Exercise aim = Starting with the line that holds "곡괭이로 땅을 깊게 파서" and stopping after the line that holds "36氪最近认识的公司「画法几", repeat the lines below word for word, without the pictures.

Extracted data =
# # # # #

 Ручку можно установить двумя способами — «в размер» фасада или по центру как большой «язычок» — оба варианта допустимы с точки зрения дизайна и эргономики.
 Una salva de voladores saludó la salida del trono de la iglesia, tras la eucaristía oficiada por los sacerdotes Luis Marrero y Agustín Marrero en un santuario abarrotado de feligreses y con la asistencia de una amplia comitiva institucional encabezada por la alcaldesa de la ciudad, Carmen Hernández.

# # # # #

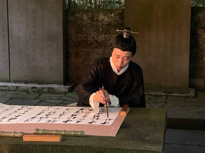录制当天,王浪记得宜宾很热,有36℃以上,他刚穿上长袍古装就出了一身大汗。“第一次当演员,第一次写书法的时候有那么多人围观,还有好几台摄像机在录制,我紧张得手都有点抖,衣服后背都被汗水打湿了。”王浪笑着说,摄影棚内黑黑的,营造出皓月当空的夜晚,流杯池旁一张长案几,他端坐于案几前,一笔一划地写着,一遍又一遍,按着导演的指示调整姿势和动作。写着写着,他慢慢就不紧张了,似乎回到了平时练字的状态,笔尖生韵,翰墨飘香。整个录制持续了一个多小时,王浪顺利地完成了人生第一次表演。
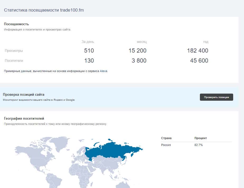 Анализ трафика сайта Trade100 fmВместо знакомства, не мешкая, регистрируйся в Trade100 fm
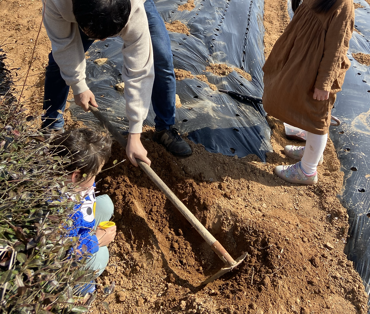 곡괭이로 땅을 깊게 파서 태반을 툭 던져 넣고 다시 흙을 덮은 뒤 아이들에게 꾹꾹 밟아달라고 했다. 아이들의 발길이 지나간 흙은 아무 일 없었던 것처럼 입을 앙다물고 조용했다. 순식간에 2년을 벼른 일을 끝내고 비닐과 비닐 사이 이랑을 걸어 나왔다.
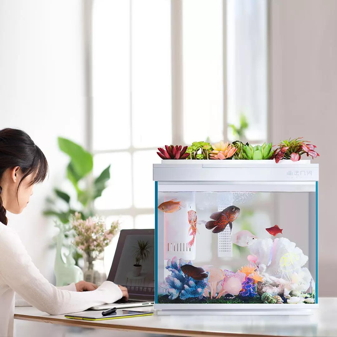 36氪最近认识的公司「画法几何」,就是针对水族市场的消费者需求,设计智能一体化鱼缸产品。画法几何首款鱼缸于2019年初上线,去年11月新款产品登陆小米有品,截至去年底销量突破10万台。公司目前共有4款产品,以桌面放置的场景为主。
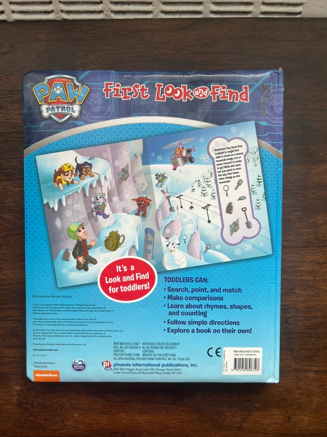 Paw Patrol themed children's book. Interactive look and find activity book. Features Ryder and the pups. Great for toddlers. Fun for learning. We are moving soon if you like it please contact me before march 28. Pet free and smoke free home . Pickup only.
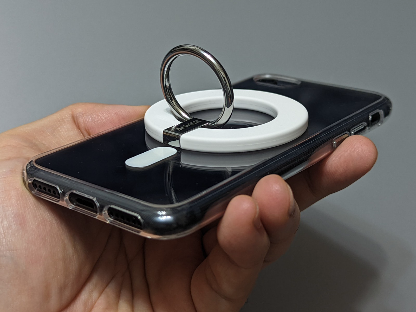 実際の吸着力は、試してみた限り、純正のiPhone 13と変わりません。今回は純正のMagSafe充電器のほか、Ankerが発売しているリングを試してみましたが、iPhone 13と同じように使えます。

# # # # #

Expected answer =
 곡괭이로 땅을 깊게 파서 태반을 툭 던져 넣고 다시 흙을 덮은 뒤 아이들에게 꾹꾹 밟아달라고 했다. 아이들의 발길이 지나간 흙은 아무 일 없었던 것처럼 입을 앙다물고 조용했다. 순식간에 2년을 벼른 일을 끝내고 비닐과 비닐 사이 이랑을 걸어 나왔다.
 36氪最近认识的公司「画法几何」,就是针对水族市场的消费者需求,设计智能一体化鱼缸产品。画法几何首款鱼缸于2019年初上线,去年11月新款产品登陆小米有品,截至去年底销量突破10万台。公司目前共有4款产品,以桌面放置的场景为主。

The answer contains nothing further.